Louisville, KY. (May 8, 2012) – The 138th “Run for the Roses” was one that was on track to set new attendance records. The previous attendance record, which was set in 2011 was 164,858 spectators. This year that number was surpassed by nearly 500, with 165,307 in attendance. The record attendance also generated a record number of wagers. A total of $187 million dollars was bet on the full 13-race card.

“With these projected numbers, we knew this event was going to be monumental,” said Lt. Col. Jeffery Hughes, the commander of troops.  “Here in the operations center, we are working in concert with state and local officials and first responders to monitor the crowds and be here to respond to whatever need may arise. We have 282 Soldiers on ground for this event that will be serving in several different support roles, from security and traffic control to escorting VIP’s. Taking into consideration the size of the crowds and other factors, this event is running exceptionally smooth.”

Col. Charles Harris, the state security officer for the Kentucky National Guard, said, “We have a Proper Use Memorandum in place to use assets like the Civil Air Patrol to support local authorities with information in case of a catastrophic event.”

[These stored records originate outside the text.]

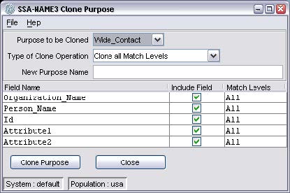 Having chosen the Clone Purpose function from the dialog described in the section Purpose, the following dialog will be displayed:
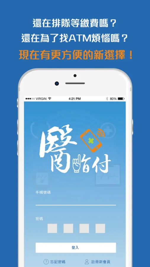 您只要下載「醫指付」APP,在看診後輸入自己或親友的資料,APP會顯示「應繳醫療費用金額」,再選擇「確定繳費」,即可直接至藥局拿藥,不論是門診、急診、住院費用都可支付。不用帶現金,不必到醫院批價櫃檯排隊,透過醫指付遠端刷卡操作繳費一指輕鬆搞定醫療大小事!"
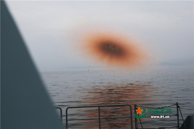 训练中,他们按照“港岸苦练,海上精练”的组训思路,精心设置逼真“海战场”。在连续四天的实兵实弹训练中,他们先后完成了主炮对海射击、副炮对空射击、海上轻武器射击、舰艇综合攻防等7项实弹射击训练任务和20余项部署操演,有效检验了舰艇编队在高强度立体火力对抗中遂行作战任务的能力。 大庆舰发射火箭深弹。张海龙摄

It’s not just man-made disasters the team plans for, said Harris.  “We monitor issues like the weather, so we will be as prepared as possible if the unthinkable occurs, like a tornado or severe thunderstorm.  Additionally, part of our job is to warn our Soldiers and Airmen if there is a threat of severe storms, or heat, or anything else that may hamper their mission.”

The operations center for the Kentucky National Guard works in concert with local law enforcement and emergency personnel to ensure the safety and the smooth operation for the entire Churchill Downs premises.